I notice deletions are mentioned in the context of holding data but not (unless I missed it) in the context of user-generated deletions. When a user generates a social data action (Tweet, RT, reply, etc.) then later deletes it, any researcher who may be holding the datapoint must also delete it or render it inaccessible. Very few do, in my experience. The "right to be forgotten" is still operational under GDPR, in my understanding of it, though I'd be happy to be updated. However, if some of you are holding my deleted Tweets in Europe in a spreadsheet, are you compliant? The term forgotten is not in the report. The term suspended does not appear in the report either but is fundamental to compliance with Twitter research terms. You cannot look at data from suspended accounts. Many academics are doing Twitter or Reddit data work because of generous data access options. I would say account suspensions and user deletions are fairly significant issues that should be kept in focus as systemic and ethically problematic failures in the current spreadsheet-centric paradigm for examining social data artifacts.
On Tue, May 31, 2022 at 1:14 PM Charles M. Ess via Air-L < air-l@listserv.aoir.org> wrote:
Dear colleagues,
as a quick follow up - first of all, a tremendous shout out to Rebekah for her work as chair of this project. Bringing together representatives from major platforms, experts in GDPR and related law, NGOs, practicing researchers (and even an ethicist) into sharp and focused dialogue over the year+ leading up to this publication, coupled with the agreements over various aspects and elements of the Code of Conduct, was an all but superhuman task. As someone privileged to participate under Chatham House Rules, I am allowed to say that there was universal and enthusiastic consensus affirming Rebekah's extraordinary work in getting us to this place - a place that one at the outset could reasonably doubt we would ever see.

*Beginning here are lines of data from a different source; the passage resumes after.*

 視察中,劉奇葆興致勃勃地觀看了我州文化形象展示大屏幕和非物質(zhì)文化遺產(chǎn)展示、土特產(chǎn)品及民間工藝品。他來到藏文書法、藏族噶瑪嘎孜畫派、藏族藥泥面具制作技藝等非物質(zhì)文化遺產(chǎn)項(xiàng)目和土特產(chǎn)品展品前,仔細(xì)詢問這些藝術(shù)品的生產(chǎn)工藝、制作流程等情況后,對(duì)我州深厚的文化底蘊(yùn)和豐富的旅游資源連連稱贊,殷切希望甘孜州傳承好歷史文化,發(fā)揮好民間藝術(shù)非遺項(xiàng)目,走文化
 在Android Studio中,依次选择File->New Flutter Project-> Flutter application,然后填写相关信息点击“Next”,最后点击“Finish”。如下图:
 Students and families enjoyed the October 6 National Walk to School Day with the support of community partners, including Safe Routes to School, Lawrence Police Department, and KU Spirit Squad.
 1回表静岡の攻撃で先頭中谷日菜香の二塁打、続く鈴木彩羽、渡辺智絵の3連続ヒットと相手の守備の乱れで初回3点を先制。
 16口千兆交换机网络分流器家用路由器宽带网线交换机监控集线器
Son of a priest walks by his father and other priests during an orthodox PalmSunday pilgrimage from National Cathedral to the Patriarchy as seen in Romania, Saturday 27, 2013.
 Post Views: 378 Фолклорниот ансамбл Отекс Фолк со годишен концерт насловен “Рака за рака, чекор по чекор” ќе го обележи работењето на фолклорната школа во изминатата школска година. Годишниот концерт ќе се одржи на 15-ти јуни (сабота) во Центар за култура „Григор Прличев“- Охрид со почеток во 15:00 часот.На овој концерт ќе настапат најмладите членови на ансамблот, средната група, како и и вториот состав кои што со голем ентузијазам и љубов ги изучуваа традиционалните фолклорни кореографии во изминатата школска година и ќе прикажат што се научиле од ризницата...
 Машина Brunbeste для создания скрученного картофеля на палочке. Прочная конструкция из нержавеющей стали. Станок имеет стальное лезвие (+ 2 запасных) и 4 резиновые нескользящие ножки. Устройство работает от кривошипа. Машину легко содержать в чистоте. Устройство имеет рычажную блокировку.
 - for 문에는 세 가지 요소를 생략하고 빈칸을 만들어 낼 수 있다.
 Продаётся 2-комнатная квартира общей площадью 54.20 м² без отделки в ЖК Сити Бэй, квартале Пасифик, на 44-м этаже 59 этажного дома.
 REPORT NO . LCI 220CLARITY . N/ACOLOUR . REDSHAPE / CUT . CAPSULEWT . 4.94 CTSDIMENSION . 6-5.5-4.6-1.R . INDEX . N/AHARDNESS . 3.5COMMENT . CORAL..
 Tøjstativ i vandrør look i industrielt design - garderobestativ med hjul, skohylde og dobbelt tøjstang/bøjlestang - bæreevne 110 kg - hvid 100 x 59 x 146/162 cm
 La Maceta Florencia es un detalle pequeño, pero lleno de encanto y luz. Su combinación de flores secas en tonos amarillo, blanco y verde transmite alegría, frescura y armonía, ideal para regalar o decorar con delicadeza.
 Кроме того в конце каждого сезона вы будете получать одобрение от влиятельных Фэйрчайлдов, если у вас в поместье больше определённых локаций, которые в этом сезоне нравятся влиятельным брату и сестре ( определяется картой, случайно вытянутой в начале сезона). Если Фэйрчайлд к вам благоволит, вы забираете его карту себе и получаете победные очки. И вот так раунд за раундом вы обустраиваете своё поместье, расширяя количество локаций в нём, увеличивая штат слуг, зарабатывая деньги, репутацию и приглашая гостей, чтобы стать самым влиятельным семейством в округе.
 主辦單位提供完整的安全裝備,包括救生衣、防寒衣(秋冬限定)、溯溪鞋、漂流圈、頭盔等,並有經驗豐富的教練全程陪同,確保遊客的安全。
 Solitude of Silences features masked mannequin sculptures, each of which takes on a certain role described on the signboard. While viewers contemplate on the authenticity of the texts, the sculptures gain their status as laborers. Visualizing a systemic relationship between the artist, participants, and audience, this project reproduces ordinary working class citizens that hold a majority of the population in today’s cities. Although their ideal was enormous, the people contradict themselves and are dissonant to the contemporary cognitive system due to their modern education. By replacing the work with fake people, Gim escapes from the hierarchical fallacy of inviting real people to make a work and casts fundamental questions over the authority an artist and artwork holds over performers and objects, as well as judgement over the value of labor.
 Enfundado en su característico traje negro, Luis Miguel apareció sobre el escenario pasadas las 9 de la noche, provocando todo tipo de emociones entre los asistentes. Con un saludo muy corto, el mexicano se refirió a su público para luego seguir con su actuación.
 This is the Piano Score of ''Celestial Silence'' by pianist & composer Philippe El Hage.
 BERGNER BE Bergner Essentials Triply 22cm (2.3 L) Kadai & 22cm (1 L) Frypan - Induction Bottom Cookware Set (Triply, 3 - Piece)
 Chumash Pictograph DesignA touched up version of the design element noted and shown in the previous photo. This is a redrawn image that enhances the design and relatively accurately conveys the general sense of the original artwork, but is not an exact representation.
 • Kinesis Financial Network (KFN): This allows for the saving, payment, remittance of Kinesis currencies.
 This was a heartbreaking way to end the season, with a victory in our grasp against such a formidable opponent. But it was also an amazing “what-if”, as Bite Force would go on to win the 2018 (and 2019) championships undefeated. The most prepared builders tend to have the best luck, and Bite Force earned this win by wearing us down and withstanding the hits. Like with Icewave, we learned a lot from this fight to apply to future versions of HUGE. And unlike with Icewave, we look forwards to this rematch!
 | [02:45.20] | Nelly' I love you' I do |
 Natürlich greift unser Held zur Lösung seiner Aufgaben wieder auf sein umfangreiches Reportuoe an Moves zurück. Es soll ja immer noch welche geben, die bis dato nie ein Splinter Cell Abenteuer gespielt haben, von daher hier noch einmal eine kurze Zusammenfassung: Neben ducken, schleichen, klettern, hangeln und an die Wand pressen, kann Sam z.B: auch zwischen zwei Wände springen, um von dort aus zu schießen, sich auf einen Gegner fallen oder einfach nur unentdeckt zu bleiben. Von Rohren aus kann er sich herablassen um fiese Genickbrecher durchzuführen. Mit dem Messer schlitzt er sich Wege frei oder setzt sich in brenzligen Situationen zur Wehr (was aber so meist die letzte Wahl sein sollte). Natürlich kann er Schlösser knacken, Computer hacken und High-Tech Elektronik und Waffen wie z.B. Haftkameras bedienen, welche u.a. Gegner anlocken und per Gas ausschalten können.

Secondly: the draft Code endorses the AoIR ethics guidelines 3.0 as follows:
The research should follow the Ethical Guidelines for Internet Research of the Association of Internet Researchers (as well as any other specialized or sector-based guidelines relevant to the research) and be reviewed and approved before data is requested from a DSO by an institutional, or appropriate third-party, ethical review board, as described in Part II of the Code. (p. 27). In addition, there will be reference to an affiliated document titled "Best practices and reflection questions for the Code of Conduct." The document cross references the 3.0 guidelines with several key issues raised in the draft Code, and is designed to serve as a springboard for further ethical reflection on the part of those developing the sorts of research envisioned and circumscribed therein. This latter document will soon appear on the EDMO website as well along with other documents affiliated with the draft Code. Here I would like to thank especially: aline shakti franzke (University of Duisburg-Essen); Stine Lomborg (Copenhagen University); Elizabeth Buchanan (Marshfield Clinic Research Institute) Rich Ling ( Norwegian Academy of Science and Letters); and Michael Zimmer (Marquette University) for their very great helps in putting this document together.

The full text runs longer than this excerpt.